Pathogenic roles for fungal melanins

Abstract

Melanins represent virulence factors for several pathogenic fungi; the number of examples is growing. Thus, albino mutants of several genera (in one case, mutated precisely in the melanizing enzyme) exhibit decreased virulence in mice. We consider the phenomenon in relation to known chemical properties of melanin, beginning with biosynthesis from ortho-hydroquinone precursors which, when oxidized enzymatically to quinones, polymerize spontaneously to melanin. It follows that melanizing intermediates are cross-linking reagents; melanization stabilizes the external cell wall against hydrolysis and is thought to determine semipermeability in the osmotic ram (the appressorium) of certain plant pathogens. Polymeric melanins undergo reversible oxidation-reduction reactions between cell wall-penetrating quinone and hydroquinone oxidation states and thus represent polymeric redox buffers; using strong oxidants, it is possible to titrate the melanin on living cells and thereby demonstrate protection conferred by melanin in several species. The amount of buffering per cell approximately neutralizes the amount of oxidant generated by a single macrophage. Moreover, the intermediate oxidation state, the semiquinone, is a very stable free radical and is thought to trap unpaired electrons. We have suggested that the oxidation state of external melanin may be regulated by external Fe(II). An independent hypothesis holds that in Cryptococcus neoformans, an important function of the melanizing enzyme (apart from melanization) is the oxidation of Fe(II) to Fe(III), thereby forestalling generation of the harmful hydroxyl radical from H(2)O(2). Thus, problems in fungal pathogenesis have led to evolving hypotheses regarding melanin functioning.

FIG. 1

Structure of squid melanin proposed by Nicolaus et al. (47). Rings are aromatic.
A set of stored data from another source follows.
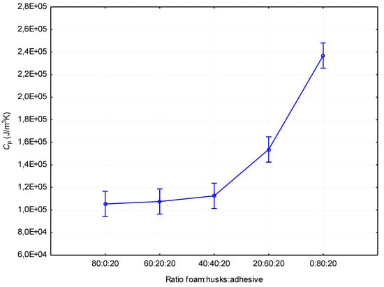 A similar trend to that of the thermal conductivity can also be seen in volumetric heat capacity. This trend can be seen in Figure 3. The lowest volumetric heat capacity values were measured in materials without added husks, and with 20% and 40% husks added. There was no statistically significant difference between these materials (Table 5). However, it was found that as the volume of husks in the boards increases, the volumetric heat capacity also increases. For boards with 20% husks (Cp = 0.108 MJ/m3K), an increase in values was recorded relative to the boards without husks (Cp = 0.105 MJ/m3K) at an average of 2.86%. For boards with 40% husks (Cp = 0.113 MJ/m3K), relative to the boards without husks, an increase in values was recorded at an average of 7.62%. For boards with 60% (Cp = 0.154 MJ/m3K) and 80% husks (Cp = 0.237 MJ/m3K), the increase was statistically significant. For boards with 60% husks, relative to the boards without added husks, the increase was at an average of 46.67%, and for boards with 80% husks, the increase was at an average of 125.71%. The measured volumetric specific heat capacities of the board without added husks correlates to the results specified in the work of Incropera et al. [21]. Boards containing husks had generally higher values of volumetric heat capacity with an increasing proportion of husks in the board. However, boards containing 80% husks achieved much lower volumetric heat capacity values than boards from the husks specified in the work of Czajkowski et al. [22]. The reason for this difference may be a difference in the density of the boards (Table 3).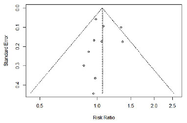 Em relação ao viés de publicação, observou-se uma assimetria na base do funil para o lado de resultados que não mostravam associação entre dose única de etomidato e mortalidade de pacientes sépticos (imagem 4). Os testes estatísticos não evidenciaram viés de publicação (teste de Egger, p-valor = 0.96; teste de Begg, p-valor = 0.96).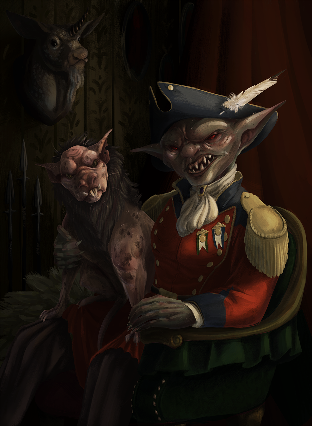 A portrait of an original hobgoblin character, and her beloved pet goblin dog.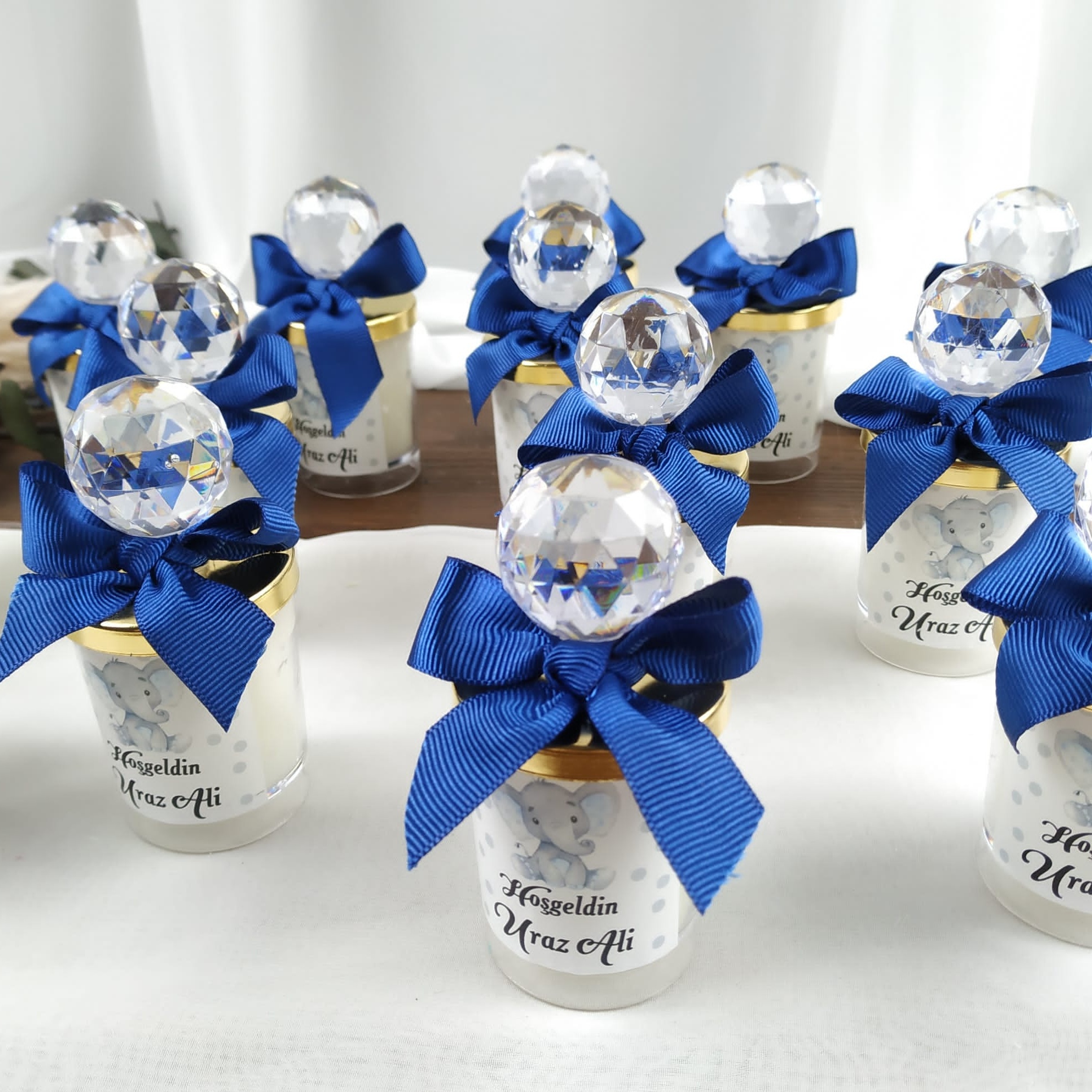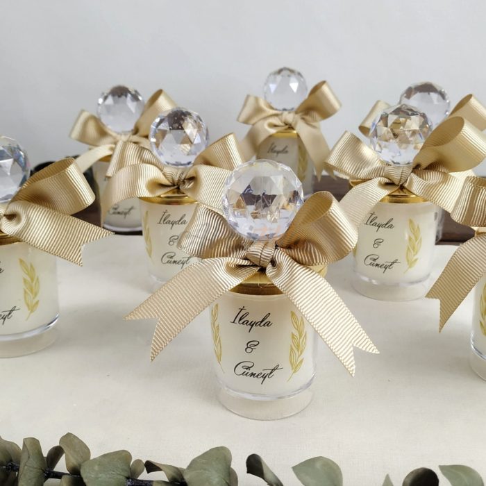 El emeğiyle hazırlanmış dekoratif mum hediyelik, davetlileriniz için her biri özenle hazırlanmış ve kaliteli malzemelerle üretilmiştir.

Each pair of o-oxygen substutituents can exist as either quinone, hydroquinone, or semiquinone groups.

FIG. 2

Electron micrograph of a “melanin ghost” of C. neoformans. Organs from a mouse infected with Mel⁺ C. neoformans were extracted with solvents, digested in hot HCl, and centrifuged. These structures were not seen when a Mel⁻ infection was so treated. Courtesy of Rosas et al. (For a related study, see reference 71).

FIG. 3

Oxidation states of the quinonic residues of melanin: the hydroquinone, the free radical semiquinone, and the quinone.

FIG. 4

Redox buffering by melanin. The electrochemical potential of an inert electrode was rhythmically cycled between positive and negative (indicated on horizontal axis) in the presence of the dissolved melanin precursor, 5,6-dihydroxyindole. The precursor was incrementally oxidized and melanin was incrementally precipitated with each positive sweep. Current to and from the electrode was recorded on the vertical axis. Because voltage varied linearly with time, the horizontal “voltage axis” is also a time axis. Since charge equals current times time and is proportional to area, the increasing area circumscribed indicates that buffer capacity increases with melanin film thickness (22). Reprinted from reference .

FIG. 5

Permanganate titration of washed cells of C. neoformans. Absorbance at 520 nm (O.D. 520) was read after 3 h of incubation of cells with the oxidant. Squares indicate permanganate in buffer; diamonds indicate nonmelanized cells; circles indicate melanized cells. The minimal fungicidal concentrations (arrows) corresponded to the equivalence points of the redox titrations.